To minimize the number of reagents that require transfection, a stable cell line expressing SmBiT-HT was generated from Flp-In HEK 293 cells. The 293-SmBiT-HT cells were then transiently transfected with pre-let-7d-Cl and LgBiT-tagged Lin28A constructs and grown in a 96-well plate. Both N- and C-terminally tagged Lin28A constructs were tested to determine if the location of the LgBiT tag would affect Lin28A binding to pre-let-7d-Cl. After incubation for 24 h, the media was changed, the cells were treated with NanoGlo Live Cell reagent and chemiluminescence resulting from the RPI was measured. Excitingly, as shown in Fig. 2A, our proof-of-concept was successful and the assay selectively reported the interaction of pre-let-7d-Cl with both LgBiT-labeled Lin28A constructs over a LgBiT only control (Fig. 2A). We also demonstrated the necessity of the chloroalkane modification, as minimal signal was detected with the corresponding non-reactive RNA probe, which bears a TCO handle in the terminal loop (Fig. 2A).45 Similar levels of chemiluminescence signal enhancement were observed with both Lin28A-LgBiT constructs, and we chose to use the C-terminally tagged protein in further experiments.

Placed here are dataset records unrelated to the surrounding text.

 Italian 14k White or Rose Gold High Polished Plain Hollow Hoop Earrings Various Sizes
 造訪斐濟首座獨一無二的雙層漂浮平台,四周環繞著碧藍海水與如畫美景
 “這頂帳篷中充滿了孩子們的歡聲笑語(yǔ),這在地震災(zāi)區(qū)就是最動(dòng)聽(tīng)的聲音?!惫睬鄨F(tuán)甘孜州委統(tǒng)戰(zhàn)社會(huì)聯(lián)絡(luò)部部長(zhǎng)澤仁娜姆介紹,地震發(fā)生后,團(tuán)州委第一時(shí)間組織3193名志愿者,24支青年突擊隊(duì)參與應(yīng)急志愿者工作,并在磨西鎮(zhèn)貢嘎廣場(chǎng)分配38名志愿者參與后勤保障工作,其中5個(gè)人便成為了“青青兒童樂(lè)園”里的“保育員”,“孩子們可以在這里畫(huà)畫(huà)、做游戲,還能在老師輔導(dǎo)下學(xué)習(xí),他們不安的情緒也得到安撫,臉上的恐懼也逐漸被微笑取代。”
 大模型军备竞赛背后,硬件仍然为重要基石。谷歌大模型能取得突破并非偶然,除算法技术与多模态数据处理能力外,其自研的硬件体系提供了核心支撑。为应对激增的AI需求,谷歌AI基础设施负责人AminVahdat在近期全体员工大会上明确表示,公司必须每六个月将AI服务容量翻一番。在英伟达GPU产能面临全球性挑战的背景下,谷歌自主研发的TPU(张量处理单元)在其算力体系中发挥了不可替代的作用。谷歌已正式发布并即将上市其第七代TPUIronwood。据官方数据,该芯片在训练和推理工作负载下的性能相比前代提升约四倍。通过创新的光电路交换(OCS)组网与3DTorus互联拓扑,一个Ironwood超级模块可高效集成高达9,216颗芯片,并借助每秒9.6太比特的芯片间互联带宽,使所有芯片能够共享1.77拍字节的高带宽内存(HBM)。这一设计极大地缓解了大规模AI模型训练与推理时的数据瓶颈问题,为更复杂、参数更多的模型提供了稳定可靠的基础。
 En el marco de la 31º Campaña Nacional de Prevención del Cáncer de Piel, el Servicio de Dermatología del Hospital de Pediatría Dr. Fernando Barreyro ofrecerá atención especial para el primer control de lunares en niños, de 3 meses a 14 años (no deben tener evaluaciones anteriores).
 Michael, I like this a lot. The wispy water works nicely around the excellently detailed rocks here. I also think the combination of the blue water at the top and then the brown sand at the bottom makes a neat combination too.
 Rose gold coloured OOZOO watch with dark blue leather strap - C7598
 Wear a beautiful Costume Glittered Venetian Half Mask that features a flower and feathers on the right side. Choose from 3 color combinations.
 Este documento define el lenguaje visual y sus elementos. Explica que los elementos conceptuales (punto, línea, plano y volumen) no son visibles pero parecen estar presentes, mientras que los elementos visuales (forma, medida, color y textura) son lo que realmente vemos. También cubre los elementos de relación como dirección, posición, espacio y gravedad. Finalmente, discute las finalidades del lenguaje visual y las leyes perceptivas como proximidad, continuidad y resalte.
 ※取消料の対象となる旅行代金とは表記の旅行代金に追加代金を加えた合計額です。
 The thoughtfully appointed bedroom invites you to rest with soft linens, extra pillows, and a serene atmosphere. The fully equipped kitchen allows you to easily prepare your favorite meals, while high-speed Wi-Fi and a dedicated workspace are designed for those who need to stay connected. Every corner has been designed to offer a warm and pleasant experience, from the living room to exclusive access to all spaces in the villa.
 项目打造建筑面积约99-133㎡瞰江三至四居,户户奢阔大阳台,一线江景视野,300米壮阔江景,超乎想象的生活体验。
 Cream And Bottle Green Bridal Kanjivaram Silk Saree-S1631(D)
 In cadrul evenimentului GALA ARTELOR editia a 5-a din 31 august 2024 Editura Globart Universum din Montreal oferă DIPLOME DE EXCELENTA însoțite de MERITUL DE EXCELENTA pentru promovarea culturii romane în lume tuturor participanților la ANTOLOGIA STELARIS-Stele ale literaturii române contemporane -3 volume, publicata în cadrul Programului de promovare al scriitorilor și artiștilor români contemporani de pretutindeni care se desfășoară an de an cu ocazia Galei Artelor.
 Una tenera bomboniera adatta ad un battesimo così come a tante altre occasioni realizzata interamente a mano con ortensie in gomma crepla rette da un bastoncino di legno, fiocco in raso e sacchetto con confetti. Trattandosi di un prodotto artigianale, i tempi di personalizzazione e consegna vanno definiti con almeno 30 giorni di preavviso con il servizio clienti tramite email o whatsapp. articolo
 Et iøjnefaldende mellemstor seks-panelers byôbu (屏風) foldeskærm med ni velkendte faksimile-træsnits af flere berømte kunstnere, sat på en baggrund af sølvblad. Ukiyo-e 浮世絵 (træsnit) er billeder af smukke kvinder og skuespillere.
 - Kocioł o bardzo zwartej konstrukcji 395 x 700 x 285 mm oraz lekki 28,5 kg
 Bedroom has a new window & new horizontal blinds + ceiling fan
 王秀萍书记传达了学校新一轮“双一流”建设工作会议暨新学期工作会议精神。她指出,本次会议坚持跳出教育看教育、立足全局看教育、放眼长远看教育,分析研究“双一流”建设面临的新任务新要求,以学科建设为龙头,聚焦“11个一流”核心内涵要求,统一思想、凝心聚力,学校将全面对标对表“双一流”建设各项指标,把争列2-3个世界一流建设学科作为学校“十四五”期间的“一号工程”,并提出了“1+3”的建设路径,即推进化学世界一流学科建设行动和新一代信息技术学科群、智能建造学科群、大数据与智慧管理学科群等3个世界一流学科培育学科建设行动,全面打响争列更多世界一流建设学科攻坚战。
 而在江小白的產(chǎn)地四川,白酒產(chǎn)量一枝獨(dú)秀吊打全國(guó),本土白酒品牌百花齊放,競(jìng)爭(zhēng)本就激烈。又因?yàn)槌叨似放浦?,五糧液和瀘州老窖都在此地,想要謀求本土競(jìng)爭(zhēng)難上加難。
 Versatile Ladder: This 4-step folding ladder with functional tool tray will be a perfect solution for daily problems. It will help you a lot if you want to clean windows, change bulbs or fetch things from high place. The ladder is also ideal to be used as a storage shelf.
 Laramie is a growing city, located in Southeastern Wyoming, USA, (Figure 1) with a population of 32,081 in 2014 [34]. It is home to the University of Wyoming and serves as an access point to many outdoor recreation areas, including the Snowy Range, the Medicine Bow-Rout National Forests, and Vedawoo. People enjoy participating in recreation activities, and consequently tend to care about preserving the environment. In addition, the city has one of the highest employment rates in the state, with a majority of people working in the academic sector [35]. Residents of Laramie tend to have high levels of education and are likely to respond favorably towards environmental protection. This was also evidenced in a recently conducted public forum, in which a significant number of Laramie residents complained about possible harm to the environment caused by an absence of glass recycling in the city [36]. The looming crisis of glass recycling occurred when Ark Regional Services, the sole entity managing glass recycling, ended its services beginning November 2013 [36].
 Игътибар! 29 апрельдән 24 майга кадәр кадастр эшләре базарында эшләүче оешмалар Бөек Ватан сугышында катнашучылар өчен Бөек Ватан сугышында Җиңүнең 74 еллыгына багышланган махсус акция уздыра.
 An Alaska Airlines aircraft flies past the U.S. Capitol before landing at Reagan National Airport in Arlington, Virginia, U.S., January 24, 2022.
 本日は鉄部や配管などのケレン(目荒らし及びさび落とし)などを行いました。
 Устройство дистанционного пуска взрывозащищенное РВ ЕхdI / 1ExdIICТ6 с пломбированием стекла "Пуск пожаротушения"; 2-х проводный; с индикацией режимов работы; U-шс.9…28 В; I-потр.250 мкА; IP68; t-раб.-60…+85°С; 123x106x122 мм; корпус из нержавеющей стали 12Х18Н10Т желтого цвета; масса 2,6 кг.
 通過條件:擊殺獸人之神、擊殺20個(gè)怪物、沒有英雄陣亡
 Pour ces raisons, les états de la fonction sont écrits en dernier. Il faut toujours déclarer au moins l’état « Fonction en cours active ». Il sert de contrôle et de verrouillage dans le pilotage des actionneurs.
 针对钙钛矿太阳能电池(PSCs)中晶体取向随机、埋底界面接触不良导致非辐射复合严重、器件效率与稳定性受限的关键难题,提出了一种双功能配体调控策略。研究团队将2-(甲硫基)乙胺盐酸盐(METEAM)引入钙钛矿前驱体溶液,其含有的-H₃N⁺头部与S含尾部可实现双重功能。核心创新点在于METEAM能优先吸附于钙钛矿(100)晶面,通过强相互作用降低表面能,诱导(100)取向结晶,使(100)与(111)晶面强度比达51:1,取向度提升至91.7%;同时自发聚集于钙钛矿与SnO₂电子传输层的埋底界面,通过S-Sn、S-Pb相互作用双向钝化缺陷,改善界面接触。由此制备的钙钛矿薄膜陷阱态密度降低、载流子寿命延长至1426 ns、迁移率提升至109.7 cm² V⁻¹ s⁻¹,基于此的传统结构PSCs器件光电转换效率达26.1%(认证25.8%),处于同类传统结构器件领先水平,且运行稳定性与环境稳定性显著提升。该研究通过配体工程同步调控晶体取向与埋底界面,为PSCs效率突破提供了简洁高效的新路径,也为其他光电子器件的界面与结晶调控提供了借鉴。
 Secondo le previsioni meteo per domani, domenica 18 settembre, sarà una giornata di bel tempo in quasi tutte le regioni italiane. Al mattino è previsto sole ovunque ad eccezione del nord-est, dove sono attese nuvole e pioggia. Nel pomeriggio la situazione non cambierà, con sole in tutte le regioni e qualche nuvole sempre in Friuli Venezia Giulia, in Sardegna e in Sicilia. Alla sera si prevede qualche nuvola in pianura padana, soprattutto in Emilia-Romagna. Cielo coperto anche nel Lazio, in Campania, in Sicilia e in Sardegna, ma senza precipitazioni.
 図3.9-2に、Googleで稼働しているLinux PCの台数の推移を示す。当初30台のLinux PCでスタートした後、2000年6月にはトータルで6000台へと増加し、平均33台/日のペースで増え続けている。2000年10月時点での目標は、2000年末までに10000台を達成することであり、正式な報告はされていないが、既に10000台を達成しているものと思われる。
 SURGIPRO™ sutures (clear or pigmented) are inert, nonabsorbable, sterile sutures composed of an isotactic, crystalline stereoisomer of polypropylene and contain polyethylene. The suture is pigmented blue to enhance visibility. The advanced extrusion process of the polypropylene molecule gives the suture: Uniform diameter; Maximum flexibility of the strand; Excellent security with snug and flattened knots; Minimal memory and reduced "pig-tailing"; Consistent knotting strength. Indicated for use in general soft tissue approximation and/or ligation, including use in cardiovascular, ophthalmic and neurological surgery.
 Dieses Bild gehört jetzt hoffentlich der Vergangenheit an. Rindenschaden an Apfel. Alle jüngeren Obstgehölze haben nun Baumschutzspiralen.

image file: d0cb00055h-f2.tif
Fig. 2 Proof-of-concept. (A) Selective detection of the Lin28A-pre-let-7d RPI using RiPCA. (B) The effect of varying the location of the chloroalkane linker. (C) Selective inhibition of pre-let-7d signal in RiPCA by titrating in increasing concentrations of an unlabeled pre-miRNA probe. See Tables S3–S5 (ESI) for p values for each set of experiments.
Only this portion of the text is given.